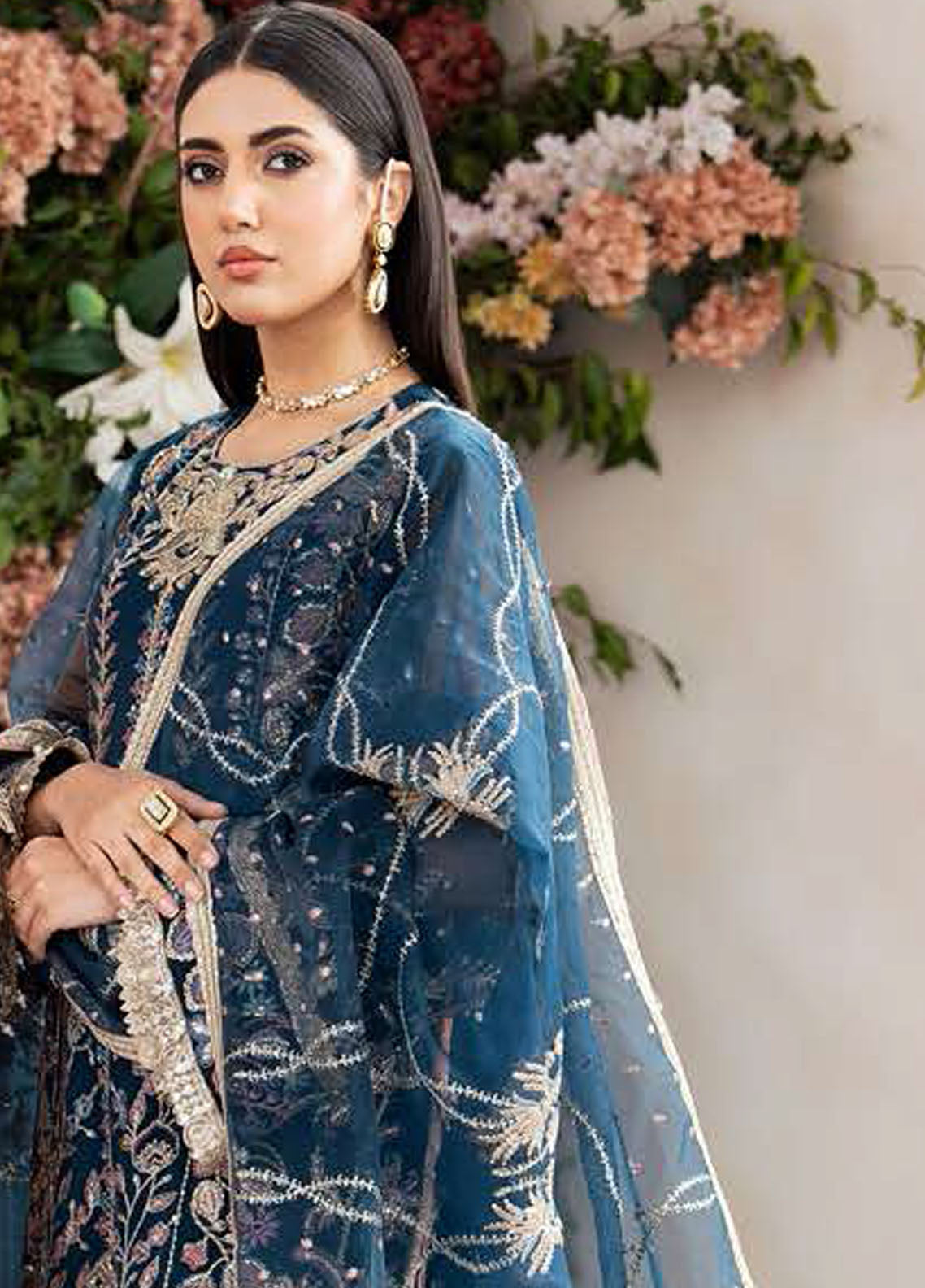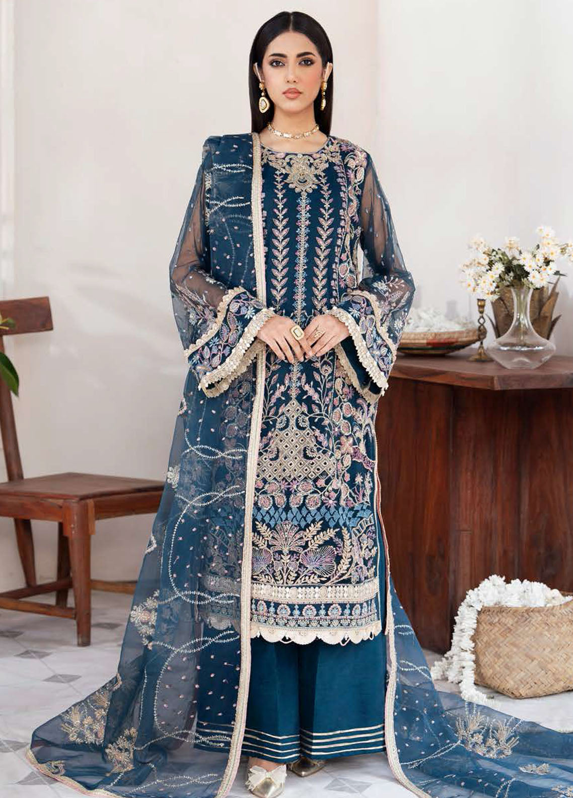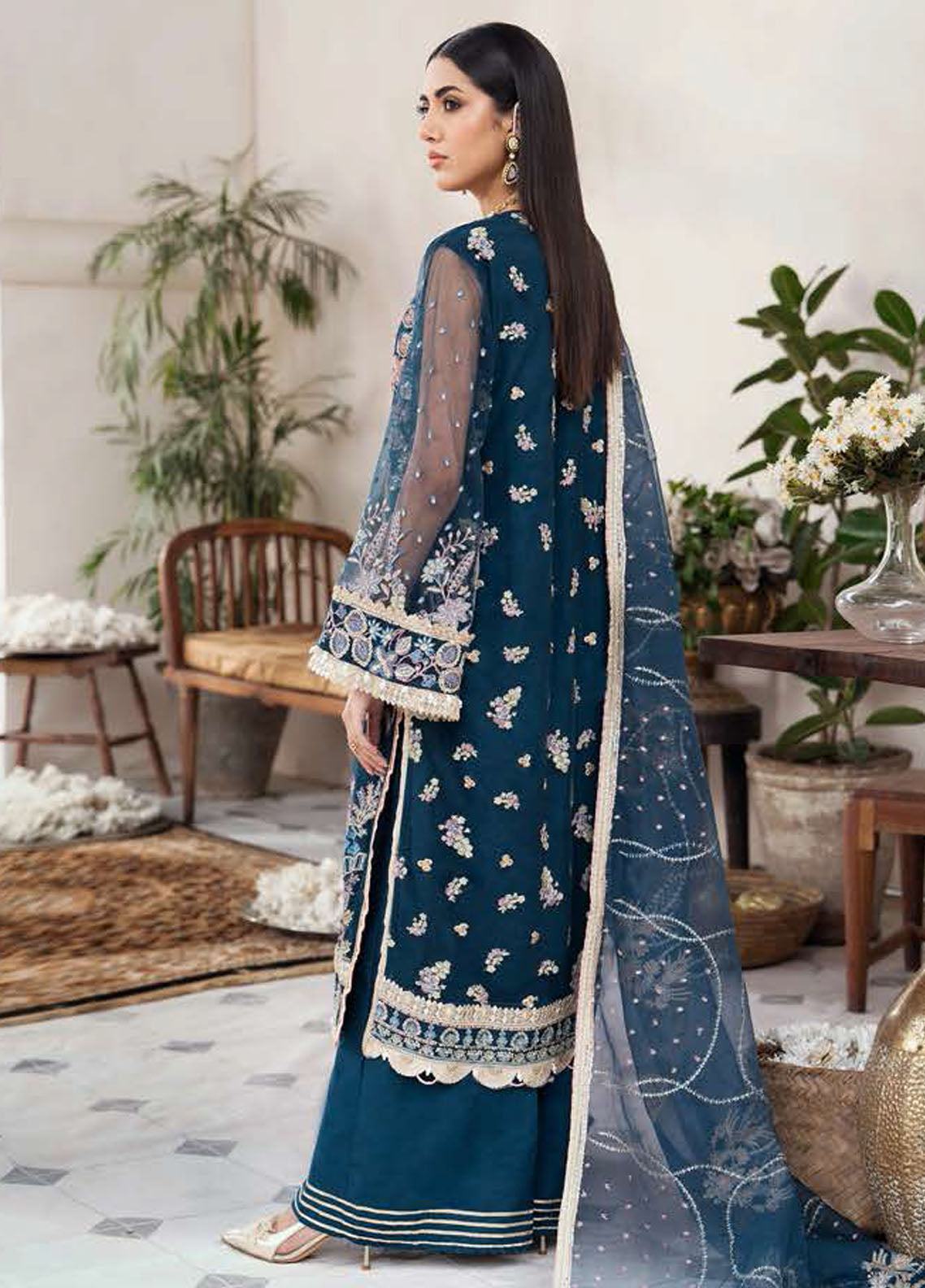 ‘Zaira’ showcases royalty with a deep blue hue tangoed with hints of subtle pink along with a lavish spill of silver-golden tilla and sequence work. Enriched with heavy embroidery, ‘Zaira’ is a straight-cut shirt paired with trendy flared pants. This art piece is crafted with with utmost attention to details with fine lacework done. It organza dupatta encompasses a unique pattern of embroidery that gives it a perfect blend of traditional and contemporary look.
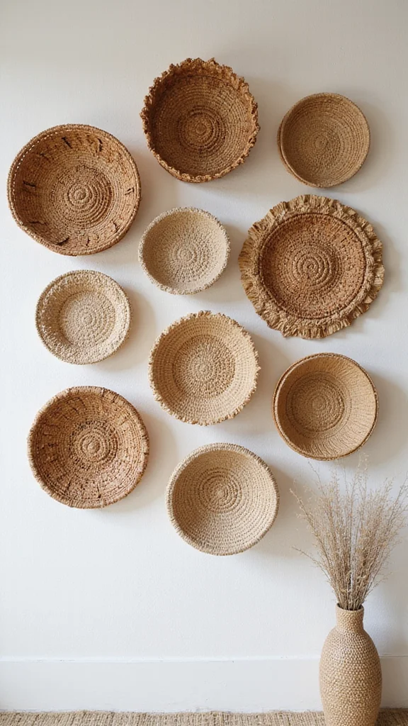 Woven baskets can be a stunning and practical decor choice for your walls! Hang a collection of baskets in varying sizes and textures for a delightful bohemian aesthetic. This approach adds warmth and depth while turning a plain wall into an eye-catching display. Mix materials like bamboo, rattan, and seagrass for added interest.
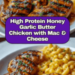 This High Protein Honey Garlic Butter Chicken paired with creamy Mac & Cheese is a comforting meal that combines savory and sweet flavors perfectly. It’s an easy-to-make dish that’s both satisfying and packed with protein, great for a hearty family dinner.
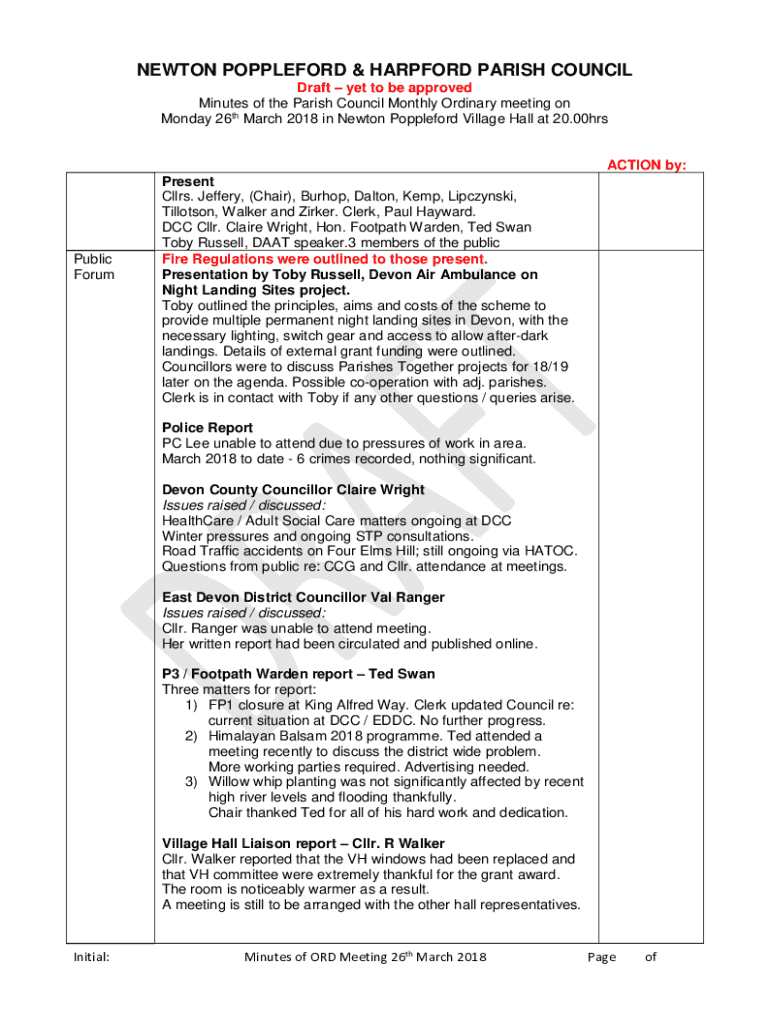 NEWTON POPPLEFORD & HARPFORD PARISH COUNCIL Draft yet to be approved Minutes of the Parish Council Monthly Ordinary meeting on Monday 26th March 2018 in Newton Poppleford Village Hall at 20.00hrsACTION
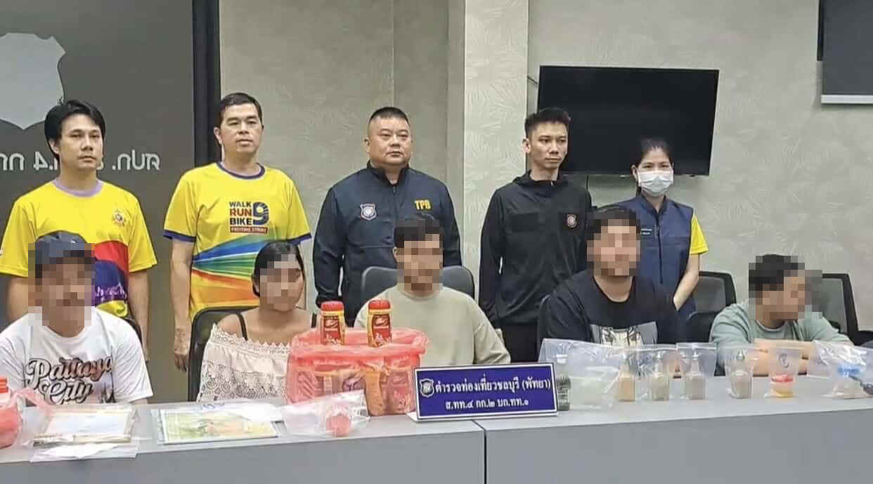 22 ตุลาคม 2567 - เวลา 22.49 น. มีรายงานว่า ตำรวจท่องเที่ยวพัทยา ร่วมกับ สำนักงานสาธารณสุขจังหวัดชลบุรี กลุ่มงานคุ้มครองผู้บริโภคและเภสัชสาธารณสุข ร่วมบูรณาการเข้าตรวจสอบ ร้านค้าจำหน่ายสมุนไพรแห่งหนึ่ง ในพื้นที่ หมู่ที่ 10 ต.หนองปรือ อ.บางละมุง จ.ชลบุรี โดยสามารถจับกุมผู้ต้องหารวม 5 ราย เป็นชาย 4 รายชาวสัญชาติปากีสถาน และ หญิง 1 ราย ชาวสัญชาติเมียนมา
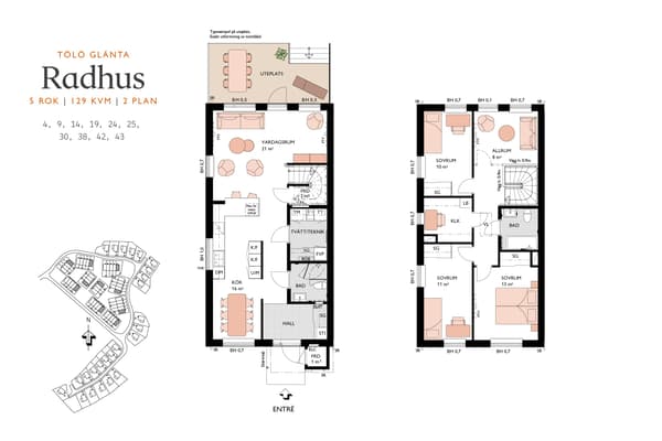 Det övre planet rymmer tre rymliga sovrum samt ett allrum som med fördel kan disponeras som ytterligare ett sovrum vid behov. Ett extra badrum på detta plan gör morgonrutinerna smidigare. Dessutom finns en generös klädkammare för smart förvaring.
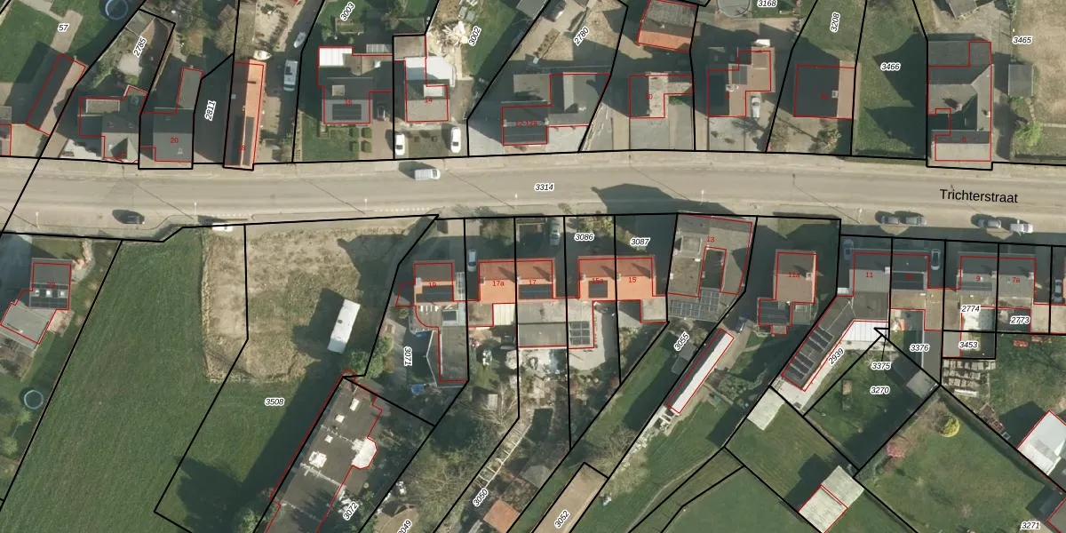 Trichterstraat 17 is gelegen op kadastraal perceel SMT00D3050. Deze kadastrale aanduiding is uniek en wordt gebruikt door het Kadaster om eigendomsrechten en andere zakelijke rechten vast te leggen. Het perceel maakt onderdeel uit van de kadastrale gemeente Schimmert.
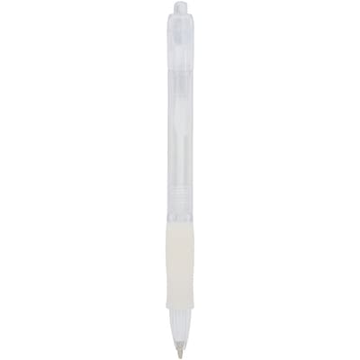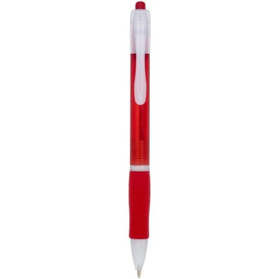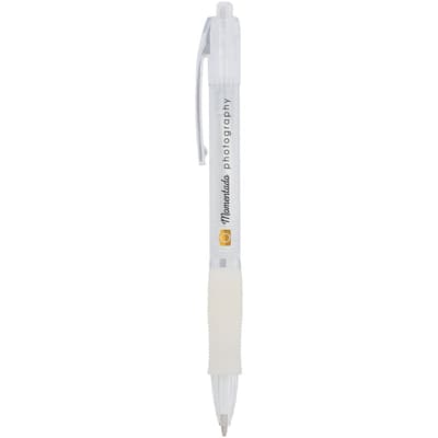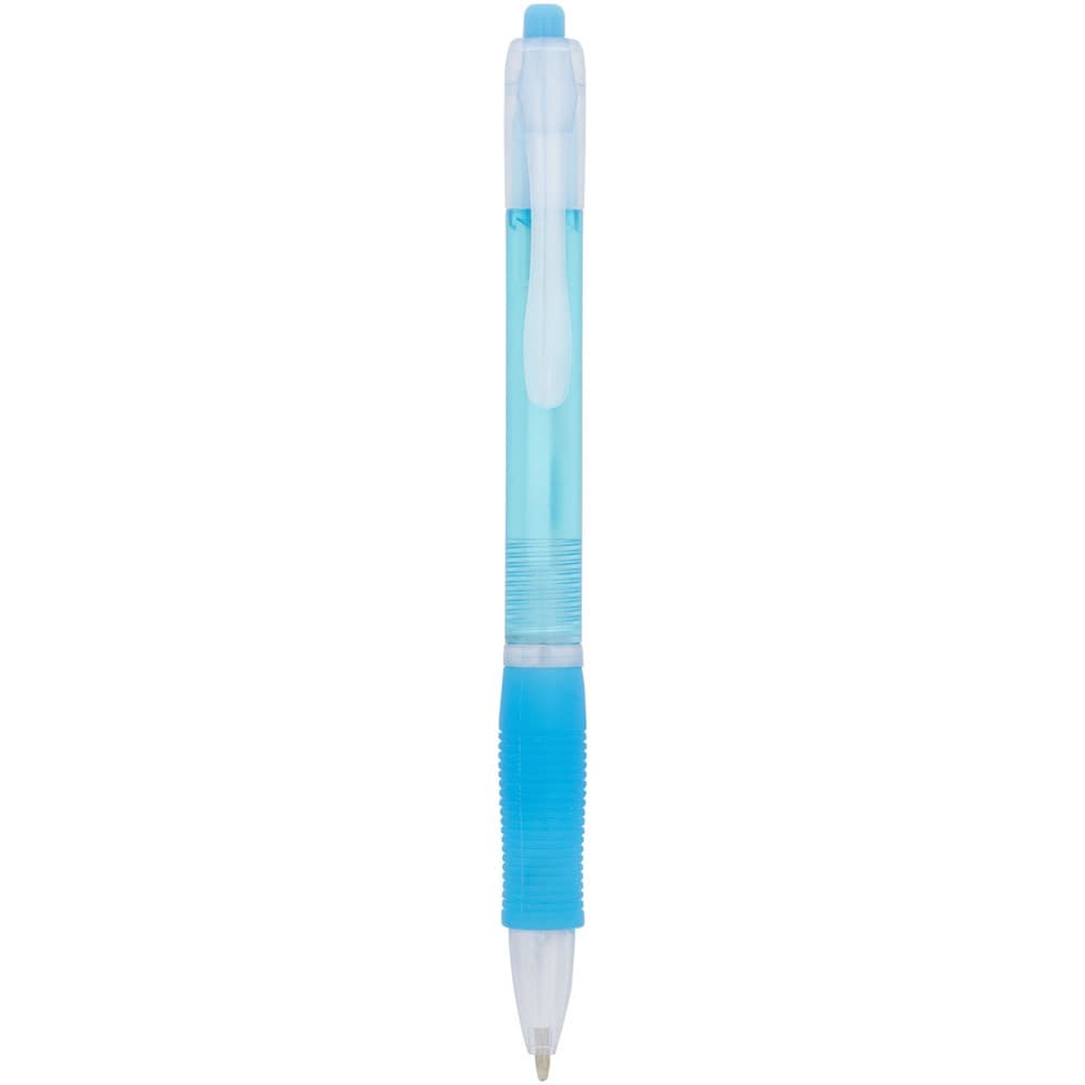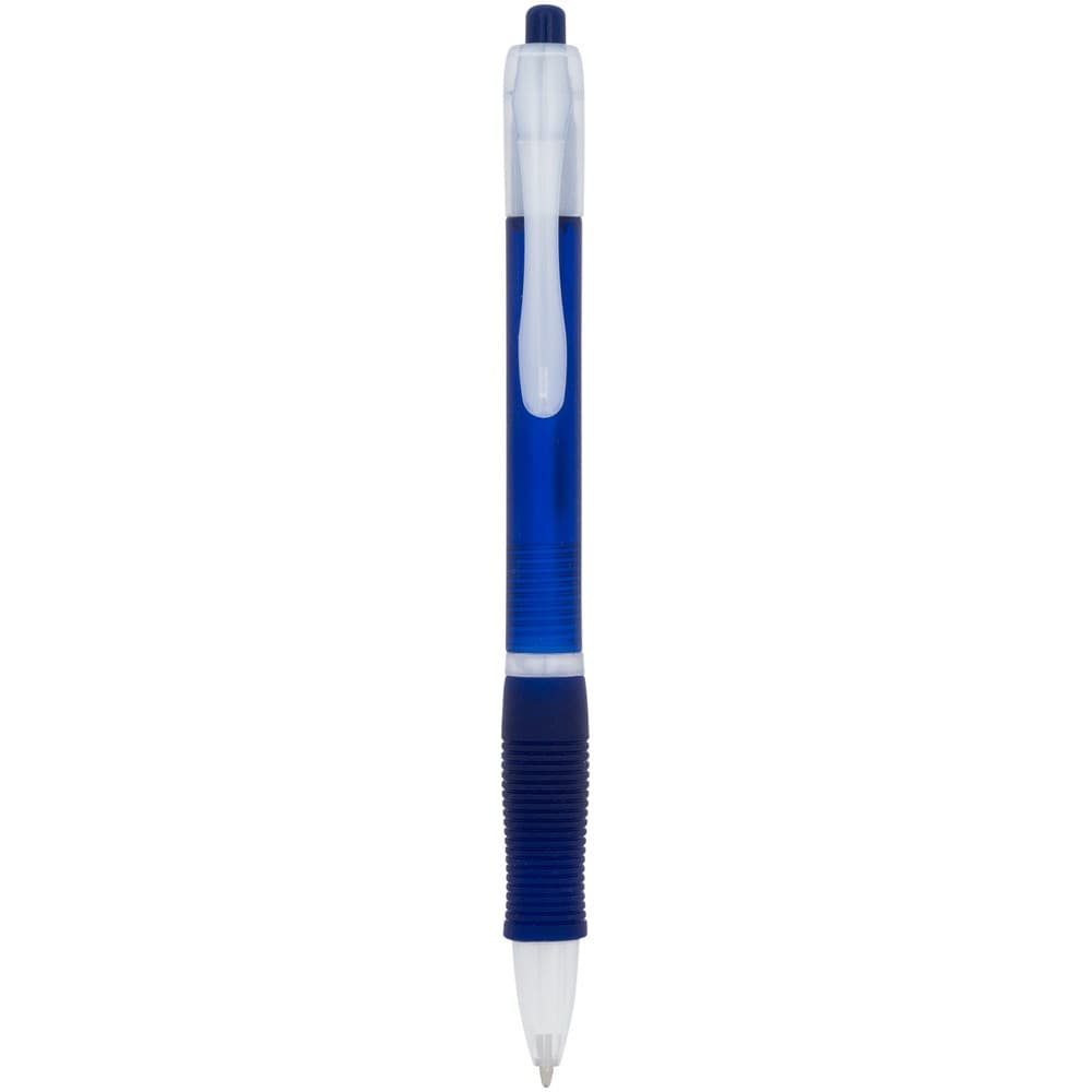 Kleurrijke klik balpen met bijpassende kleur rubberen grip. Blauwschrijvend.

+ + + + + + +

### Problem details
Without copying any images, transcribe the records exactly as they stand.

### Output of the task
 ‘Zaira’ showcases royalty with a deep blue hue tangoed with hints of subtle pink along with a lavish spill of silver-golden tilla and sequence work. Enriched with heavy embroidery, ‘Zaira’ is a straight-cut shirt paired with trendy flared pants. This art piece is crafted with with utmost attention to details with fine lacework done. It organza dupatta encompasses a unique pattern of embroidery that gives it a perfect blend of traditional and contemporary look.
 Woven baskets can be a stunning and practical decor choice for your walls! Hang a collection of baskets in varying sizes and textures for a delightful bohemian aesthetic. This approach adds warmth and depth while turning a plain wall into an eye-catching display. Mix materials like bamboo, rattan, and seagrass for added interest.
 This High Protein Honey Garlic Butter Chicken paired with creamy Mac & Cheese is a comforting meal that combines savory and sweet flavors perfectly. It’s an easy-to-make dish that’s both satisfying and packed with protein, great for a hearty family dinner.
 NEWTON POPPLEFORD & HARPFORD PARISH COUNCIL Draft yet to be approved Minutes of the Parish Council Monthly Ordinary meeting on Monday 26th March 2018 in Newton Poppleford Village Hall at 20.00hrsACTION
 22 ตุลาคม 2567 - เวลา 22.49 น. มีรายงานว่า ตำรวจท่องเที่ยวพัทยา ร่วมกับ สำนักงานสาธารณสุขจังหวัดชลบุรี กลุ่มงานคุ้มครองผู้บริโภคและเภสัชสาธารณสุข ร่วมบูรณาการเข้าตรวจสอบ ร้านค้าจำหน่ายสมุนไพรแห่งหนึ่ง ในพื้นที่ หมู่ที่ 10 ต.หนองปรือ อ.บางละมุง จ.ชลบุรี โดยสามารถจับกุมผู้ต้องหารวม 5 ราย เป็นชาย 4 รายชาวสัญชาติปากีสถาน และ หญิง 1 ราย ชาวสัญชาติเมียนมา
 Det övre planet rymmer tre rymliga sovrum samt ett allrum som med fördel kan disponeras som ytterligare ett sovrum vid behov. Ett extra badrum på detta plan gör morgonrutinerna smidigare. Dessutom finns en generös klädkammare för smart förvaring.
 Trichterstraat 17 is gelegen op kadastraal perceel SMT00D3050. Deze kadastrale aanduiding is uniek en wordt gebruikt door het Kadaster om eigendomsrechten en andere zakelijke rechten vast te leggen. Het perceel maakt onderdeel uit van de kadastrale gemeente Schimmert.
 Kleurrijke klik balpen met bijpassende kleur rubberen grip. Blauwschrijvend.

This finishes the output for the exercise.